Standard acceptance criteria assume a deterministic system: given input X, the system produces output Y. If Y matches the expected value, the test passes. This model fails for AI on every axis.

The same prompt can return different valid answers on different runs. There is no canonical "golden answer" for most open-ended AI tasks, only a range of acceptable outputs. Traditional QA does a one-time verification pass; AI features require continuous, ongoing measurement because the system's behavior shifts as models are updated, prompts are changed, and input distributions drift over time.

Consider what happens when you apply standard QA to a customer service summarization feature. You test it manually on ten conversations, it looks fine, and you ship. Three weeks later a user submits a conversation that's 40,000 tokens with three language switches and an embedded PDF reference. Your system never had a spec for how to handle that. The failure mode was always there; the spec just couldn't see it because it described a success condition for inputs that matched the demo.

The deeper problem is organizational. Without a quantified spec, engineering and product have no shared language for tradeoffs. Is a 93% accuracy rate acceptable? Depends on volume: at 10 million insurance claims per year, that 7% error rate is 700,000 potentially wrong adjudications. Framed as a percentage, it sounds reasonable; framed in business consequences, it demands a different answer. Traditional specs never force this calculation because they assume the system either works or it doesn't.

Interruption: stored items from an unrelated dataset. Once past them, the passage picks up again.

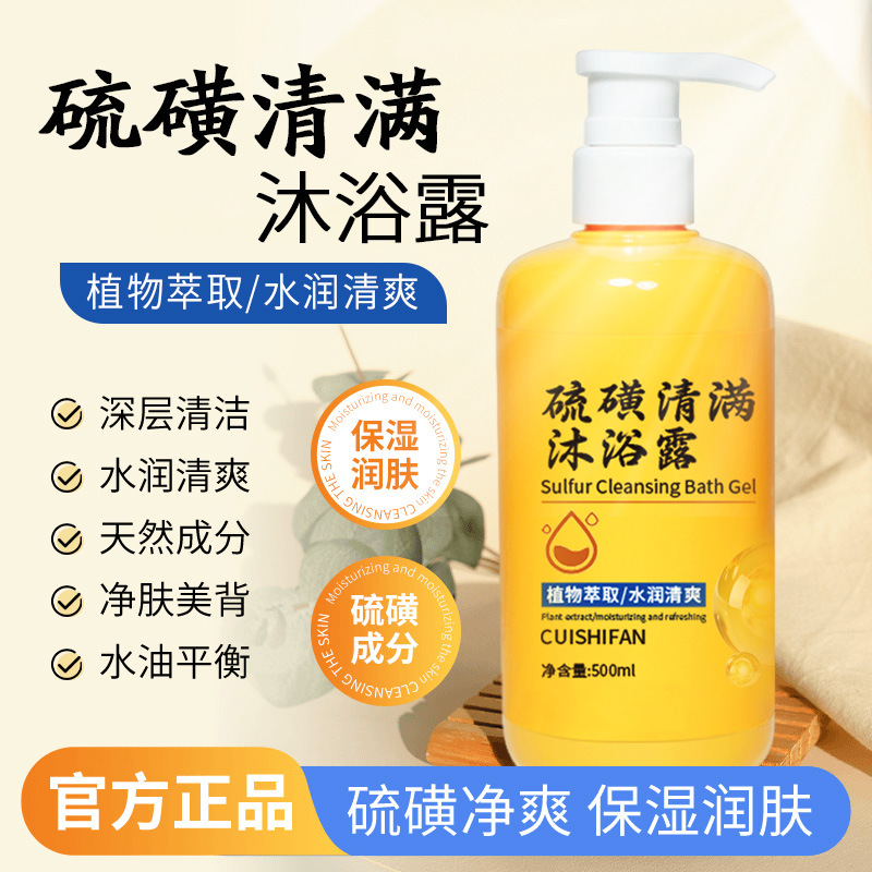 Douyin の人気の Cuisifan 硫黄浄化抗ニキビシャワージェル中国語と英語版のマイルドなクレンジングドロップシッピング
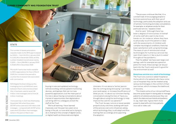 Then he added “ we have seen large cost savings , with for example less spend on petrol for travel , these savings can be put back into the Trust ’ s work and it ’ s good for the environment as well ”. clinicians . It ’ s not about a ‘ techie ’ person like me coming along and saying ‘ I can make your work easier , or increase the efficiency of what you do ,’ it ’ s about our clinicians having conversations along the lines of ‘ have you thought about using this technology to help improve the care for our patients ’?”
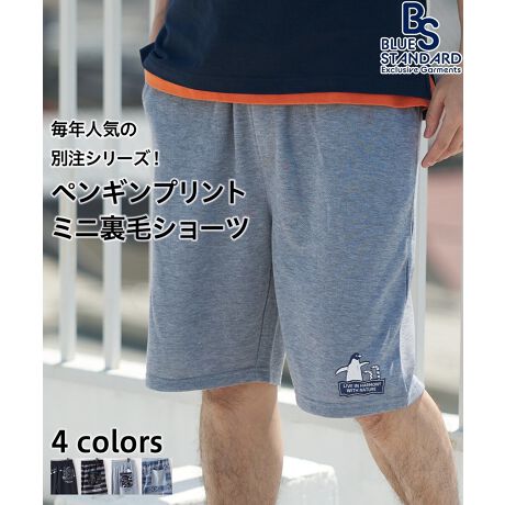 【BLUE STANDARD】別注 ペンギンプリント ミニ裏毛 ショートパンツ

The Two-Tier Structure: Policy vs. Quality

The most important conceptual shift in AI specification is separating constraints into two fundamentally different categories: policy constraints and quality thresholds. Conflating them causes both over-blocking (teams halt development because a quality metric missed its target, which should have been renegotiable) and under-protection (teams accept edge-case policy violations as "within acceptable error rate," which they are not).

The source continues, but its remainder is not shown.